The crude extract of E. hirta possesses antidiarrheal effect possibly mediated through Ca antagonist like gut inhibitory constituents, while its laxative effect was mediated primarily through muscarinic receptor agonist like gut stimulant constituents. Thus, these findings provide an evidence to the folkloric use of E. hirta in diarrhea and constipation.
大戟科大戟属植物大飞扬(Euphorbia hirta (Linn))在传统医学中被用于治疗胃肠道疾病。本研究旨在确定大飞扬在腹泻和便秘中的药用价值的药理学基础。
采用Balb/c 小鼠进行体内实验,分别用大飞扬全草的水-甲醇提取物(EH.Cr)及其石油醚(Pet.EH)、氯仿(CHCl.EH)、乙酸乙酯(Et.Ac.EH)和水(Aq.EH)部分进行测试;同时,采用 PowerLab 数据系统,分别使用本地饲养的兔空肠和回肠以及 Sprague Dawley 大鼠的离体空肠和回肠制备物进行体外研究。

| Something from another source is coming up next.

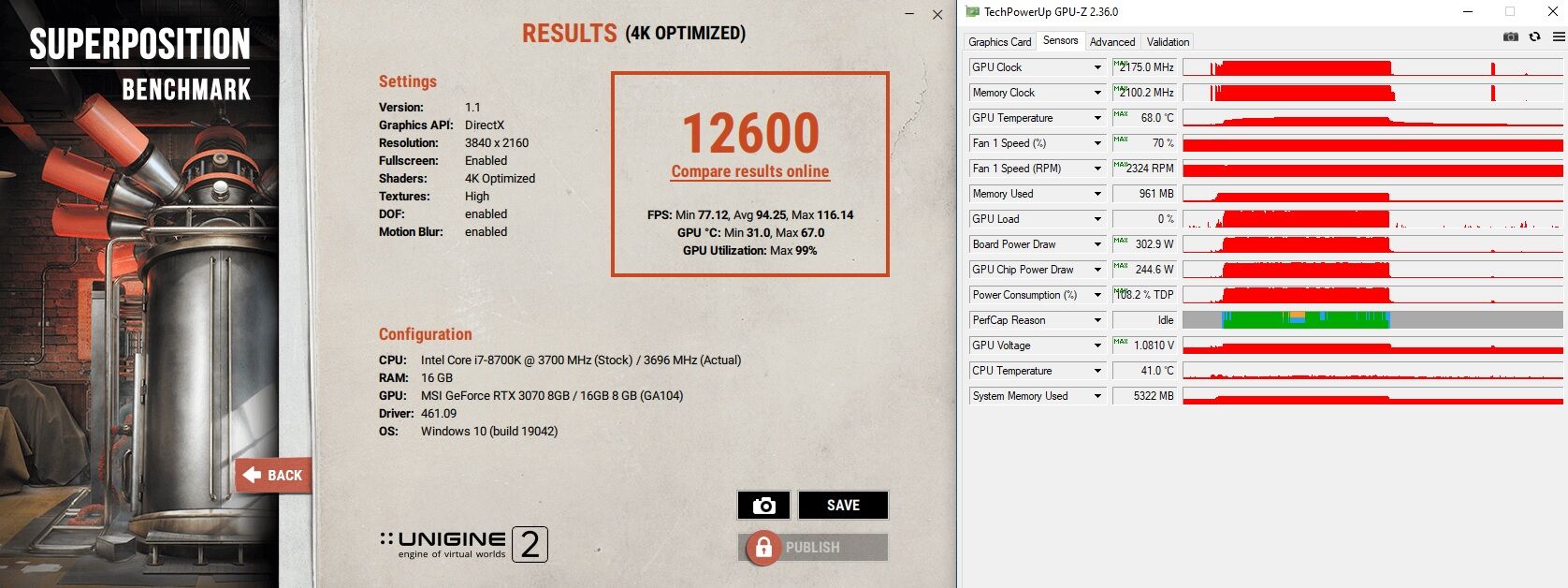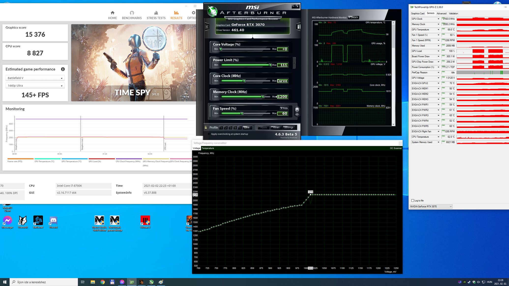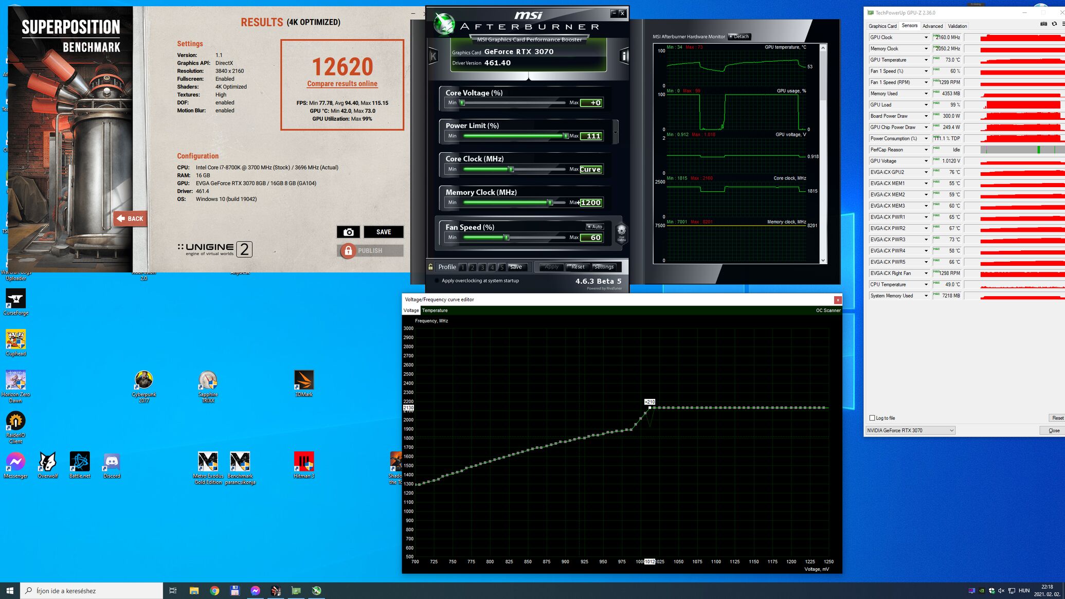 Strix 3070-esem volt 1db, 295W-ot evett 1081mV-on is és 2085MHz-et tudott maximum.

定性植物化学分析表明,该植物含有生物碱、皂苷、黄酮、单宁、酚类、强心苷,而 HPLC 分析显示高比例的槲皮素。在小鼠中,EH.Cr 以 500 和 1000mg/kg 的剂量分别显示出 41%和 70%对蓖麻油诱导的腹泻的保护作用,与槲皮素和洛哌丁胺的作用相似,而在较低剂量(50 和 100mg/kg)时,它会增加粪便排出量。在洛哌丁胺诱导的便秘小鼠中,EH.Cr 也显示出泻剂作用,分别在 50 和 100mg/kg 时达到 28.6%和 35.3%。在兔空肠中,EH.Cr 以浓度依赖性方式表现出阿托品敏感的抑制作用,而槲皮素和硝苯地平则表现出对阿托品不敏感的作用。除 Pet.EH 和 CHCl.EH 外,大飞扬的馏分也产生了阿托品敏感的抑制作用。在高(80mM)和低(20mM)K 引起的收缩中,粗提取物和馏分对两种痉挛原均表现出浓度依赖性的非特异性抑制作用,并使 Ca 对右位移的浓度反应曲线右移,最大效应受到抑制,与槲皮素和硝苯地平的作用相似。馏分显示出广泛的解痉和钙拮抗剂样作用。在大鼠回肠中,EH.Cr 及其馏分表现出阿托品敏感的肠道刺激作用,除 Pet.EH 外。
大飞扬的粗提取物具有抗腹泻作用,可能是通过类似钙拮抗剂的肠道抑制成分介导的,而其通便作用主要是通过类似毒蕈碱受体激动剂的肠道刺激成分介导的。因此,这些发现为大飞扬在腹泻和便秘中的民间应用提供了证据。